But, first, a word about why Jinnah chose Islam as the cultural metaphor at the macro level in his political discourse during the epochal 1937-47 decade. He was obliged to for the simple reason that for Muslims in pre-partition India, with their deep horizontal, vertical, regional and linguistic cleavages, Islam alone could serve as a broad political plank a la Karl Deutsch (Nationalism and Social Communication's) typology. A comprehensive, all-inclusive framework, a broad-based platform, so that all the ninety million Muslims in the subcontinent could be gathered incrementally under the all-embracing Pakistan canopy. Moreover, a platform, not only transcending effectively their intra communal cleavages, but enshrining a cluster of shared beliefs, ideals and concepts that had lain deeply ingrained in their social consciousness over time, that had become enmeshed with the subterranean vagaries of their ancestral heritage and ethos, and that, moreover, was charged and saturated with emotions. To Benjamin Disraeli (1804-81), a nation is a work of art and a work of time and to Ernest Renan (1823-92), with other requisite factors in place, emotions play the most critical role in the nationality-building process over time. Three decades of public life had made Jinnah "a keen student of human nature". Hence like Mohandas Karamchand Gandhi (1869-1948), the mahatma of the Indian National Congress (f. 1885), Jinnah was not averse to exploiting "human weaknesses for a good cause", notes Nilankan Perumal, an Indian journalist. Jinnah was thus to recognize by the late 1930s that "his great political ability and astuteness" by themselves cannot make the AIML strong and powerful and that "mass support could be won only by appealing to his co-religionists' loyalty to Islam", as E.I.J. Rosenthal points out. Indeed, to quote Frank Moraes, a distinguished Indian editor, who had known Jinnah "fairly well in the days of his adversity as also in [those of] his glory", "No contemporary Islamic leader more surely understood the Muslim mass mind of India, nor knew better how intuitively to appeal to it, to cajole it and rouse it". Hence the choice of Islam as the rallying cry.

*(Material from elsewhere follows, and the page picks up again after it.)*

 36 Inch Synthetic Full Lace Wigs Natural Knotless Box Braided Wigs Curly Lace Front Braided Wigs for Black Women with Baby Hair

Jinnah's choice was, also, determined by the overriding fact that Islam, to quote Iqbal, had not only furnished the Muslims of the subcontinent with "those basic emotions and loyalties which gradually unify scattered individuals and groups", but had also worked as "a people-building force", transforming them progressively into "a well-defined people". The unity of Indian Islam, so far as it had achieved unity, may first and foremost be attributed to (what Montgomery Watt calls) "a dynamic image, the image or idea of... the charismatic community". This explains how, scattered though they were across the length and breadth of the subcontinent in varying proportions, they had yet developed the will to live as a nation on the basis of their "social heritage", to barrow a Toynbee concept. This "national will", the critical factor in Renan's 'nationality' framework, in turn provided the Indian Muslims with the intellectual and political ballast for claiming a distinct nationalism (apart from a Indian or, more accurately, Hindu nationalism) for themselves.
Those who think that Jinnah had made a U-turn in his thinking in 1937 are however, sadly, oblivious of the nuances in Jinnah's thinking in the pre-1937 period. While still an acknowledged Indian nationalist he had recognized Indian Muslims as a separate entity unto themselves when he moved the resolution on Wakf alal Aulad at the 1906 Congress session and especially from 1909 when he came out gradually in favour of separate electorates. He had also demonstrated his easy familiarity with Muslim law and his high regard for it when he piloted the Wakf alal Aulad bill in the Viceroy's, Council in 1911 and 1913. While originally, if only as a corollary to his stolidly legal approach, he stood for registration of all waqfs, arguing in its favour eloquently in 1911, he later (1913) opted for and even defended oral and testamentary waqfs, if only in deference to Muslim law, as adumbrated by Allama Shibli Numani, and Muslim consensus. "...I, for one, am not prepared to accept any provision which is in any way likely to overrule or affect the personal law of the Mussalmans" - was his clinching argument.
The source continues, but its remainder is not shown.